Sinds een aantal maanden loopt de pilot. Met veel aandacht voor de individuele bewoners. Er komt in Oostendorp namelijk geen collectieve oplossing, waardoor individueel oplossingen gekozen moeten worden. Dat is vaak een warmtepomp (lucht- of bodemwarmtepomp), waarbij soms wel gedacht wordt aan samenwerking met buren in de directe omgeving.
De pilot wordt daarom niet technisch aangevlogen (zoals in de vesting), maar sociaal. Top-down gegeven opdrachten leveren altijd veel weerstand op. Daarom is het belangrijk de “sociale infrastructuur” in beeld te hebben: wat voor mensen wonen er in het gebied en wat houdt hen bezig? In Oostendorp blijkt een grote sociale cohesie en veel ingetogenheid en zelfstandigheid: er zijn inwoners die het voortouw nemen. Op basis daarvan is er een tweeledige strategie ontwikkeld:
- een algemene campagne voor opwekken en besparen (isoleren)
- zoeken naar en samenwerken met koplopers.
Twee weken geleden is de eerste wijkbijeenkomst online gehouden voor de inwoners van het oostelijk deel van Oostendorp (de goed geïsoleerde woningen). Na het verzenden van 400 brieven waren 40 inwoners aanwezig. Zeven daarvan hebben zich gemeld als koploper en hebben een “intentieverklaring” ondertekend. Het werken met koplopers kan een vliegwiel zijn: als één woning in een straat aardgasvrij is gemaakt, kan de ervaring gedeeld worden met bewoners van soortgelijke huizen. Met die zeven worden de komende tijd regelmatig gesprekken gevoerd, over kosten, over subsidies en leningen.
Tegelijkertijd wordt voor de hele wijk een campagne gestart, samen met de organisatie Veluwe Duurzaam. Acht bewoners fungeren daarbij als wijkambassadeur. Zij denken mee over de aanpak (hoe bereik je de Oostendorpers, welke verenigingen zijn er) en over de communicatie (is die brief van de gemeente zo wel duidelijk?). Samen met hen is een enquete opgesteld, waarmee we de informatiebehoefte van de Oostendorpers peilen. Die wordt verzonden naar 1100 adressen.

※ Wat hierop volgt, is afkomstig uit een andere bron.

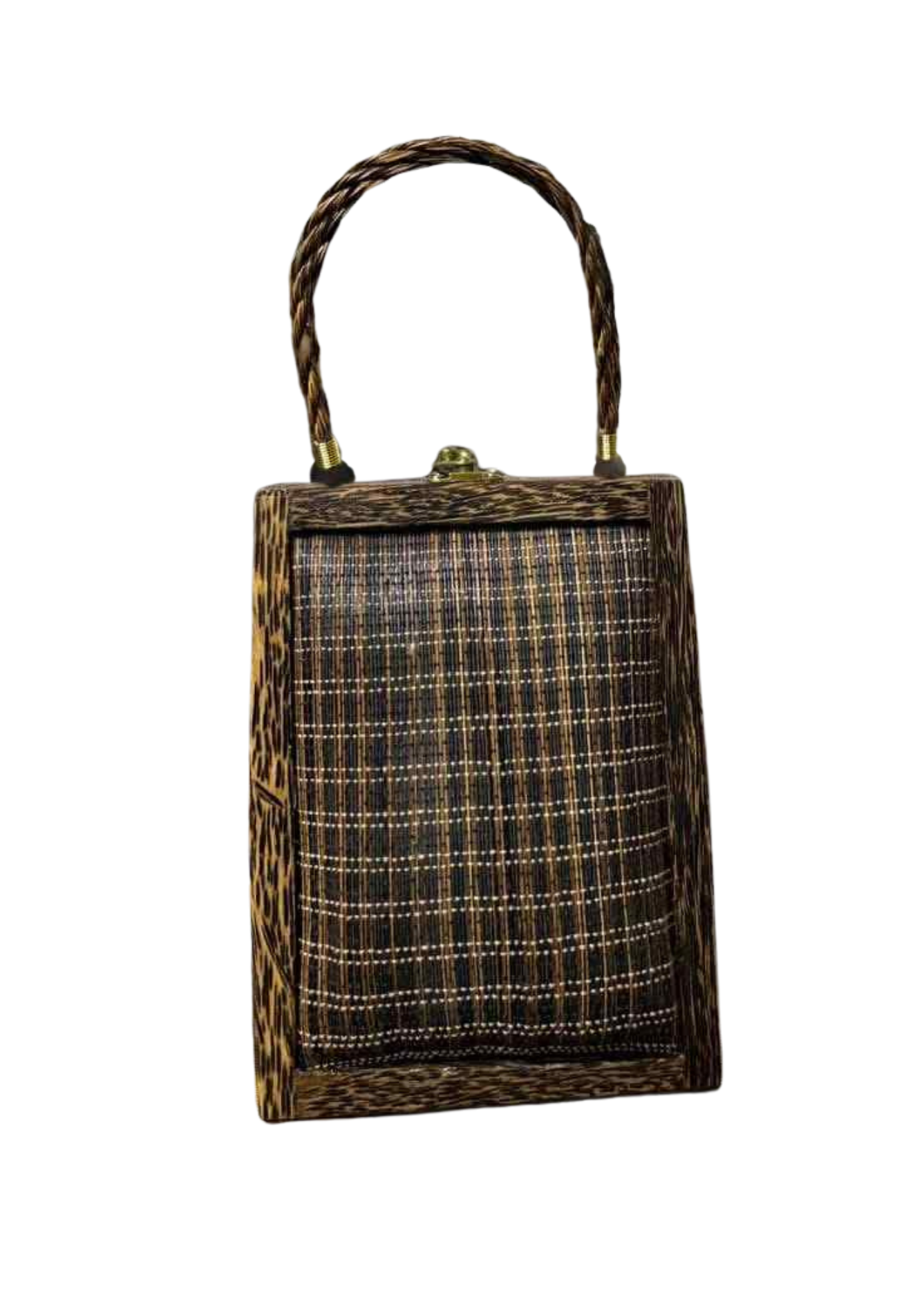 กระเป๋าทรงกล่องตั้ง โครงไม้ตาล หน้าสานใยตาลลายตารางแน่น เนี้ยบทุกมุม หูหิ้วถักถือสบาย ลุควินเทจแต่ยังโมเดิร์น ใส่มือถือ กระเป๋าสตางค์สั้น คีย์การ์ด และของจุกจิกได้ครบ เหมาะทั้งทำงาน/ดินเนอร์

Gerald komt best kritische geluiden tegen en gaat deze niet uit de weg: “Dinsdag ga ik koffie drinken met iemand die tijdens de bijeenkomst kritisch was over de opdracht. Ik geloof dat er bij hem geen sprake is van onwil, maar dat het hem tegenstaat dat hem iets opgedrongen wordt”.
De “pilot Oostendorp” is niet voor niets een pilot. Met het geleerde kunnen op termijn ook de andere kernen worden geïnformeerd en betrokken. Hoewel iedere kern anders is, niet alleen qua woningen, maar ook qua inwoners. Daarom begint de gemeente steeds bij het gesprek met de bewoners en wordt daarna een passend plan gemaakt.
Gerald sluit af met een geruststellende mededeling en een klemmende oproep: “Niemand hoeft overhaast investeringen te doen. Dit is een lange-termijnplan. Doe de investeringen op een passend moment, bijvoorbeeld als je CV-keten toch vervangen moet worden. Maar doe wel mee, want het is mooi dat we kunnen meewerken aan het behoud van onze aarde”.